In any proceeding in which retaliatory conduct is alleged, the burden of proving otherwise shall be on the park owner if the owner's challenged action began within 90 days after the resident engaged in any of the activities identified in clause (1), (2), or (3). If the challenged action began more than 90 days after the resident engaged in the protected activity, the party claiming retaliation must make a prima facie case. The park owner must then prove otherwise.
No park owner shall prohibit or adopt any rule prohibiting residents or other persons from peacefully organizing, assembling, canvassing, leafletting or otherwise exercising within the park their right of free expression for noncommercial purposes. A park owner may adopt and enforce rules that set reasonable limits as to time, place and manner.
A park owner has no right of access to a manufactured home located within the park unless access is necessary to prevent damage to the park premises or to respond to an emergency.
A park owner may come onto a manufactured home lot in order to inspect the lot, make necessary or agreed-upon repairs or improvements, supply necessary or agreed-upon goods or services or exhibit the lot to prospective or actual purchasers, mortgagees, residents, workers or contractors. The park owner may come onto the resident's lot whenever necessary to respond to or prevent an emergency, but otherwise may not come onto the lot at unreasonable times or in a way that unreasonably disrupts the resident's use and enjoyment of the lot.
(a) To qualify as a class I manufactured home park, as defined in section 327C.01, subdivision 13, a park owner, or on-site attendant as an employee of the manufactured home park, must satisfy 12 hours of qualifying education courses every three years, as prescribed in this subdivision. Park owners or on-site attendants may begin accumulating qualifying hours to qualify as a class I manufactured home park beginning in 2017.
(b) The qualifying education courses required for classification under this subdivision must be continuing education courses approved by the Department of Labor and Industry or the Department of Commerce for:
(1) continuing education in real estate; or
(2) continuing education for residential contractors and manufactured home installers.
(c) The qualifying education courses must include:
(1) two hours on fair housing, approved for real estate licensure or residential contractor licensure;
(2) one hour on the Americans with Disabilities Act, approved for real estate licensure or residential contractor licensure;
(3) four hours on legal compliance related to any of the following: landlord/tenant, licensing requirements, or home financing under chapters 58, 327, 327B, 327C, and 504B, and Minnesota Rules, chapter 1350 or 4630;
(4) three hours of general education approved for real estate, residential contractors, or manufactured home installers; and
(5) two hours of HUD-specific manufactured home installer courses as required under section 327B.041.

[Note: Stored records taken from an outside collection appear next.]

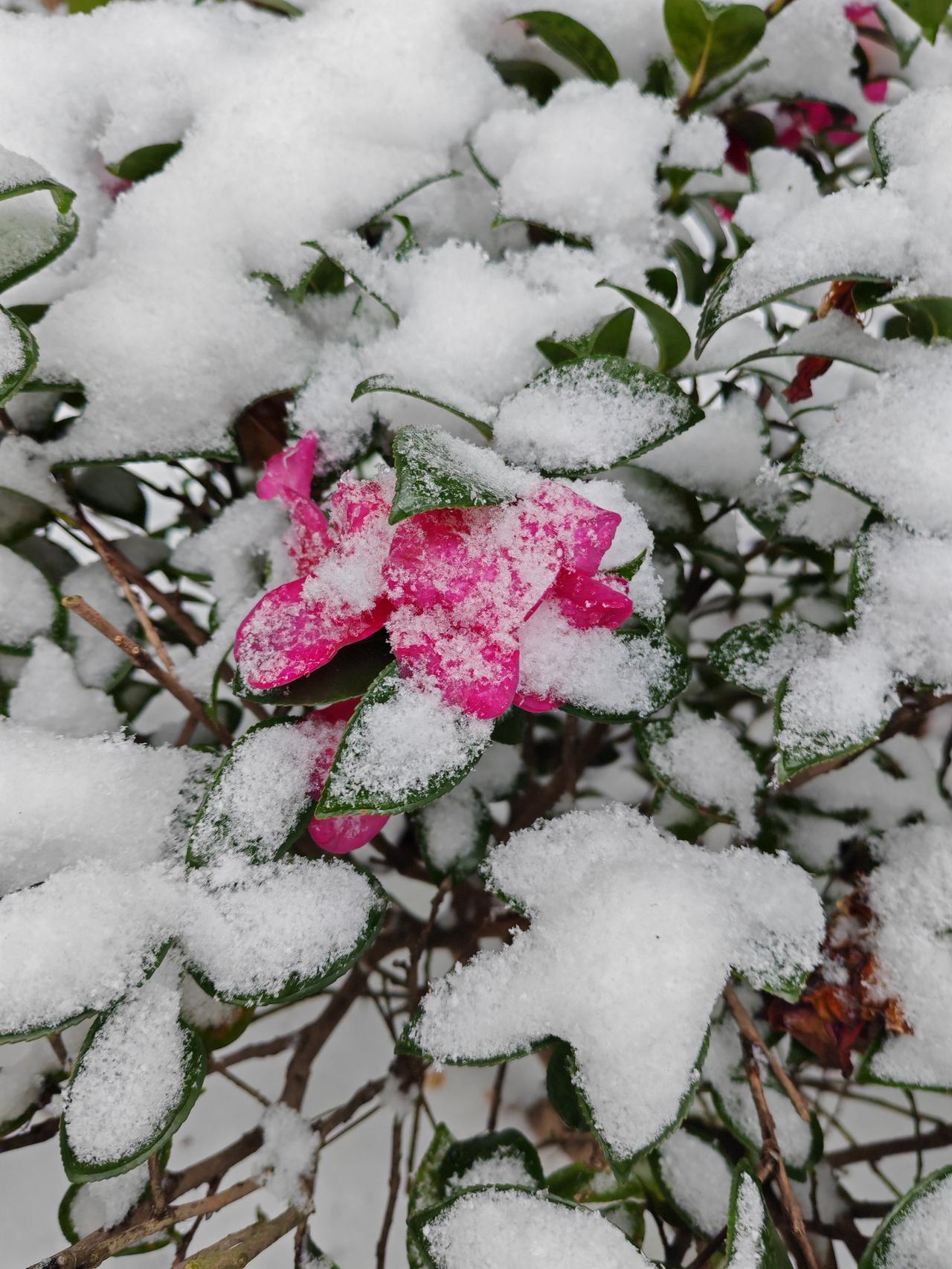 晒图笔记大赛下午出去拿快递,看到雪中茶梅花,是不是很美?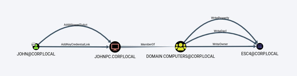 As we can see in the path above, only JOHNPC has these privileges, but our user JOHN has the new AddKeyCredentialLink edge to JOHNPC. Since this technique is related to certificates, I have implemented this attack as well, which is known as Shadow Credentials. Hereâs a little sneak peak of Certipyâs shadow auto command to retrieve the NT hash of the victim.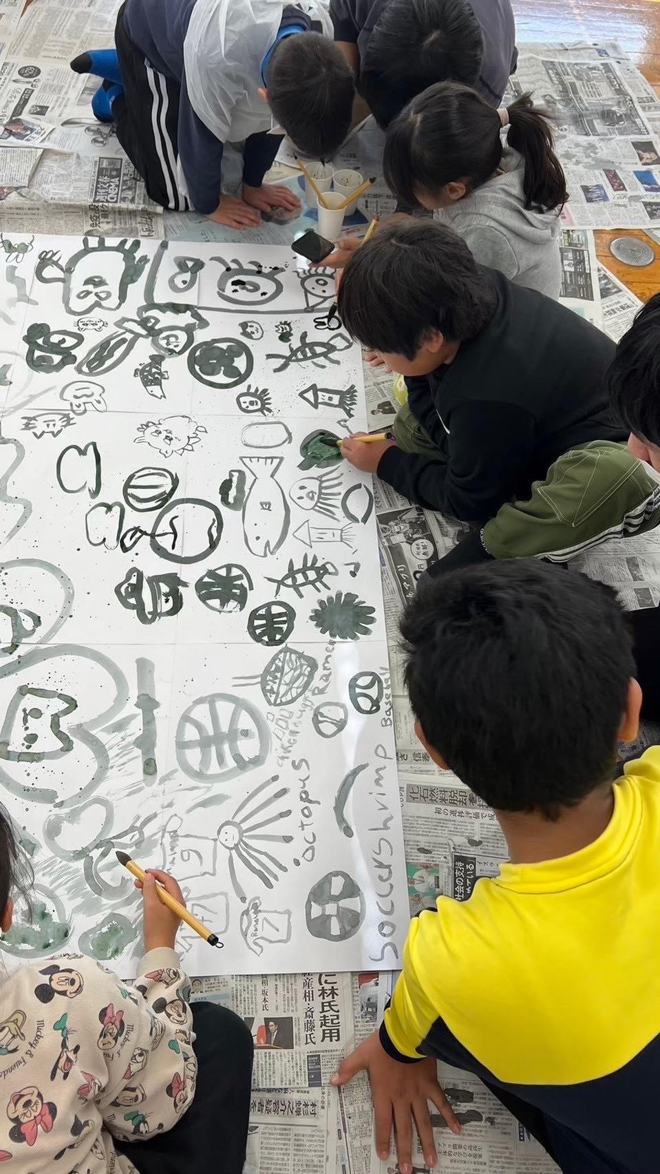 また、伊勢崎会場では 12 月に書道体験会を実施しました。外国籍の児童たちの中には習字そのものが初めての子が多くいたり、正座に苦戦する子もいましたが、筆で絵を描いたりして楽しく日本文化に親しんでくれました。

(d) If the qualifying owner or employee attendant is no longer the person meeting the requirements under this subdivision, but did qualify during the current assessment year, then the manufactured home park shall still qualify for the class rate provided for class 4c property classified under section 273.13, subdivision 25, paragraph (d), clause (5), item (iii).
(a) A park owner that has met the requirements of subdivision 1 shall provide an affidavit to the park owner's county assessor certifying that the park owner, corporate officer, or on-site attendant has complied with subdivision 1 and that the park meets the definition of a class I manufactured home park as defined in this section, and is entitled to the property tax classification rate for class I manufactured home parks in section 273.13, subdivision 25. The park owner shall retain the original course completion certificates issued by the course sponsor under this section for three years and, upon written request for verification, provide these to the county assessor within 30 days.
(b) A park owner must provide the county assessor written notice of any change in compliance status of the manufactured home park no later than December 15 of the assessment year.